None of the three down-regulated proteins registered in the AAA patients have previously been considered to be associated with AAA. One of these down-regulated proteins was keratin 77. Keratins are the largest subgroup of intermediate filament proteins, which are important constituents of the cellular cytoskeleton. Current knowledge has identified the emerging importance of keratin intermediate filaments in normal and diseased epithelia, but also as a potential marker of various diseases [22]. Another down-regulated protein was serpin B4, a protein with less understood biological function.

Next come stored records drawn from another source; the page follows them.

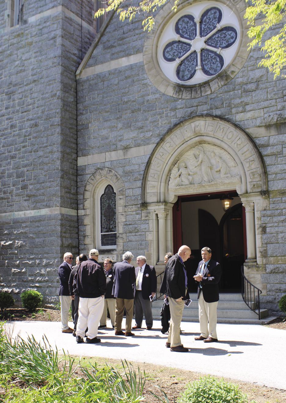 CLASS OF 1977 45TH REUNION Front row, from left: Donna Betz Meilman, Stewart Witter, Perry Stewart, Leslie Mallon, Jeff Dudley, Shawn Chinn, Konrad Berk, Kevin Sayers, and Eileen Flynn Toohey; second row, from left: Rob Smoot, Bob Heldrich, Steve Mullinix, Brian Doub, Mark Connolly, Tucker White, Bob Curley, Christian Holljes, Tom Hood, Rich Fleury, John Rogers, John Kemp, Lon Engel, and John Jeppi.
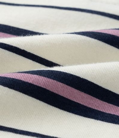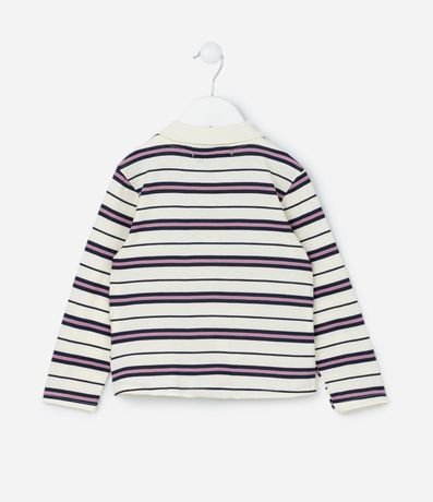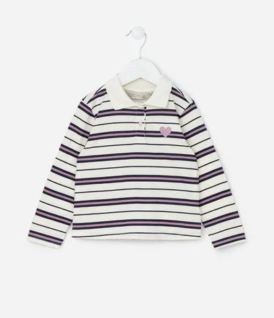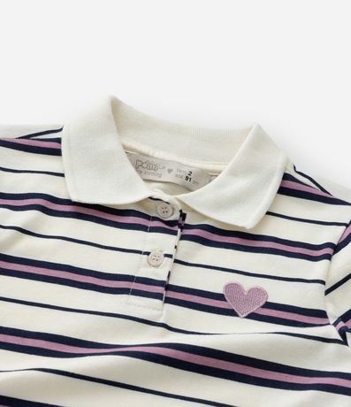 Camiseta infantil com gola polo, mangas longas e bordado de coração no peito, com fundo listradinho. A peça é confeccionada com boas práticas ambientais e algodão certificado bci.
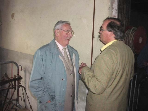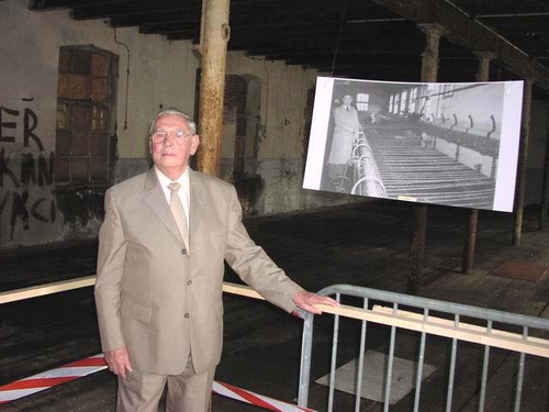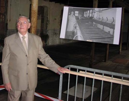 Een van de bezoekers was zaterdag de laatste bedrijfsleider van Scheltema. De heer Van der Sande poseert, zoals hij in 1958 ook op de foto werd gezet in het jaar dat de fabriek werd gesloten. Foto`s: Chris de Waard.
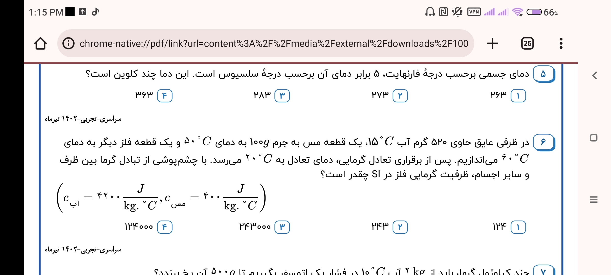 یادبگیریم2:تعادل گرمایی(با تغییر حالت و دمای تعادل)

However, serpin B4 appears to play an important role in aberrant epithelial proliferation [23]. The regulation of biological events by enzymatic activity is a common paradigm in both normal and pathological states. From this point of view, the most interesting of the identified down-regulated proteins is the enzyme BH. This enzyme was first discovered in mouse liver due to its ability to inactivate the anti-tumor antibiotic bleomycin [24]. However, BH is widely expressed in human tissue and mainly exhibits broad-specificity aminopeptidase activity. Moreover, BH seems to have a protective role against homocysteine toxicity [25]. In a recent study, hyperhomocysteinemia was associated with the presence of AAA and also showed a positive dose–response relationship between homocysteine and AAA size [26]. From this point of view, a low level of BH in patients with AAA is a possible pathophysiological clue and a potential plasma biomarker.

The down-regulation of the enzyme BH was verified by ELISA in the expanded validation study. It is well-known that the concentration of blood cells and plasma proteins are decreased by massive bleeding due to hemodilution, and the decreased levels of hemoglobin and BH in patients with ruptured compared to non-ruptured AAAs is likely a reflection of this dilution. Although clearly significant, the observed correlation between BH and aneurysm diameter was fairly weak and the validation thus failed to demonstrate a clinically useful relationship between BH levels and AAA diameter. The follow-up study, however, showed significant elevation (towards normalized values) of the BH concentration three years postoperatively—a finding that strengthens the hypothesis that BH has a pathophysiological role in AAA.

5. Conclusions

In summary, the present proteomic study identified up-regulation of several inflammatory markers in AAA patients, which is a well-known feature of AAA [4,5]. Furthermore, three down-regulated proteins with unknown roles in AAA were identified. The most interesting of these potential biomarkers is the enzyme BH, which was down-regulated in patients with AAA compared to the controls without aneurysm. The findings warrant urgent new investigations to clarify the pathophysiological role of BH in AAA.